*Work to be completed*.
From the data below, return the exact lines starting at the line containing "Vacation hotspot Cancun" and ending at the line containing "Ce design minimaliste", both included, and nothing else.

____ Data in this exercise

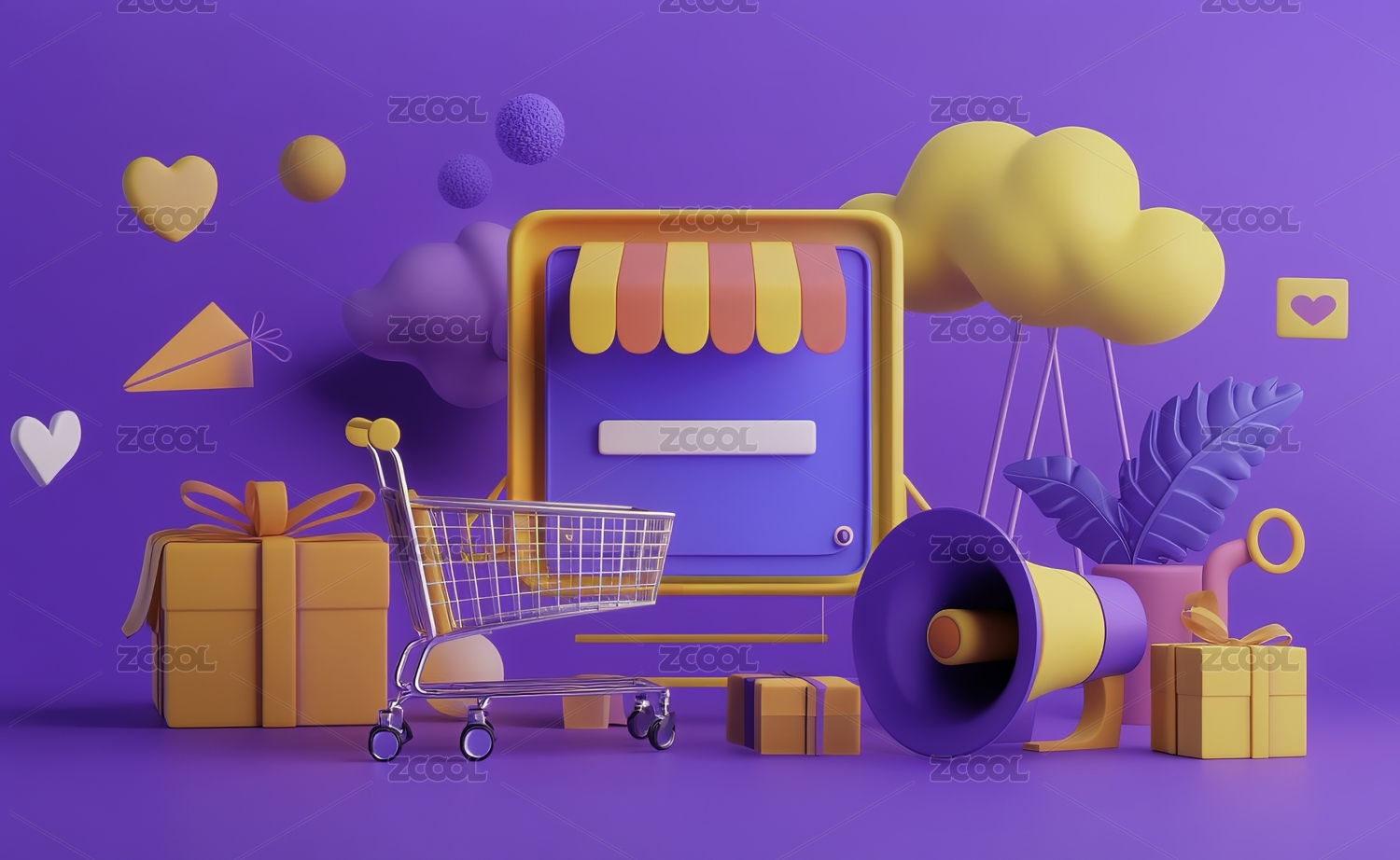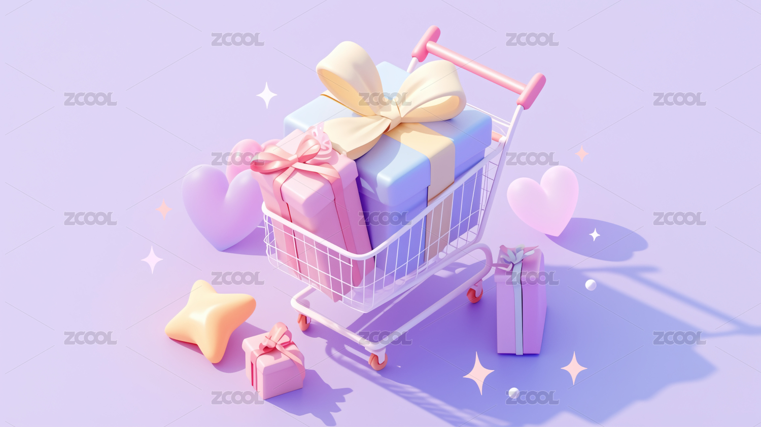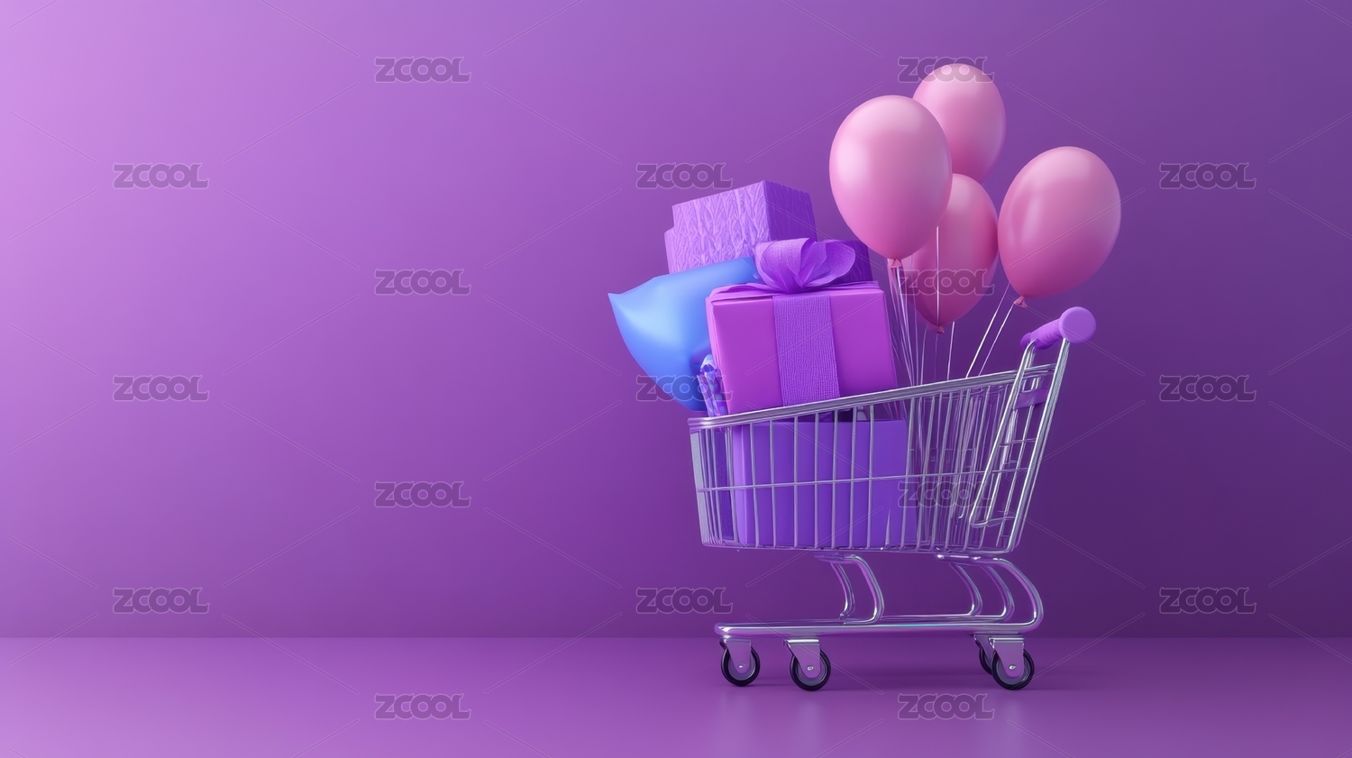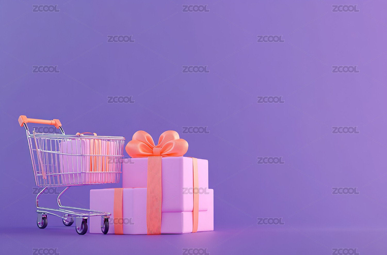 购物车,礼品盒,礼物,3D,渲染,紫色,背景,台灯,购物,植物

________
____ Data in this exercise

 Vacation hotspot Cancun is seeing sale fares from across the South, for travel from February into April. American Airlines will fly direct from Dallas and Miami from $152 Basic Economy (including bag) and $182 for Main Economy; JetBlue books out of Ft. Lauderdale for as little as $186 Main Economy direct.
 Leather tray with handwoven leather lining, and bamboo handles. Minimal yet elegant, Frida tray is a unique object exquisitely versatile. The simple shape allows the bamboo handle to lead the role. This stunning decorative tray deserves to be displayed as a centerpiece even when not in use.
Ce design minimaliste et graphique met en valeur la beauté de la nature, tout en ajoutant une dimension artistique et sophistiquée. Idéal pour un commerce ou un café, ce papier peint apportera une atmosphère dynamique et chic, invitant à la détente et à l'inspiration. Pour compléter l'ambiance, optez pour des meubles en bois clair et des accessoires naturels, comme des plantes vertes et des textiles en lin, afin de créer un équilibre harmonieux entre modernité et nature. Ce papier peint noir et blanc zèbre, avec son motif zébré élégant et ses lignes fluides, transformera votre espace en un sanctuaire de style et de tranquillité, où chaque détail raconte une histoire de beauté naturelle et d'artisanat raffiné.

________

*Output for this exercise*.
 Vacation hotspot Cancun is seeing sale fares from across the South, for travel from February into April. American Airlines will fly direct from Dallas and Miami from $152 Basic Economy (including bag) and $182 for Main Economy; JetBlue books out of Ft. Lauderdale for as little as $186 Main Economy direct.
 Leather tray with handwoven leather lining, and bamboo handles. Minimal yet elegant, Frida tray is a unique object exquisitely versatile. The simple shape allows the bamboo handle to lead the role. This stunning decorative tray deserves to be displayed as a centerpiece even when not in use.
Ce design minimaliste et graphique met en valeur la beauté de la nature, tout en ajoutant une dimension artistique et sophistiquée. Idéal pour un commerce ou un café, ce papier peint apportera une atmosphère dynamique et chic, invitant à la détente et à l'inspiration. Pour compléter l'ambiance, optez pour des meubles en bois clair et des accessoires naturels, comme des plantes vertes et des textiles en lin, afin de créer un équilibre harmonieux entre modernité et nature. Ce papier peint noir et blanc zèbre, avec son motif zébré élégant et ses lignes fluides, transformera votre espace en un sanctuaire de style et de tranquillité, où chaque détail raconte une histoire de beauté naturelle et d'artisanat raffiné.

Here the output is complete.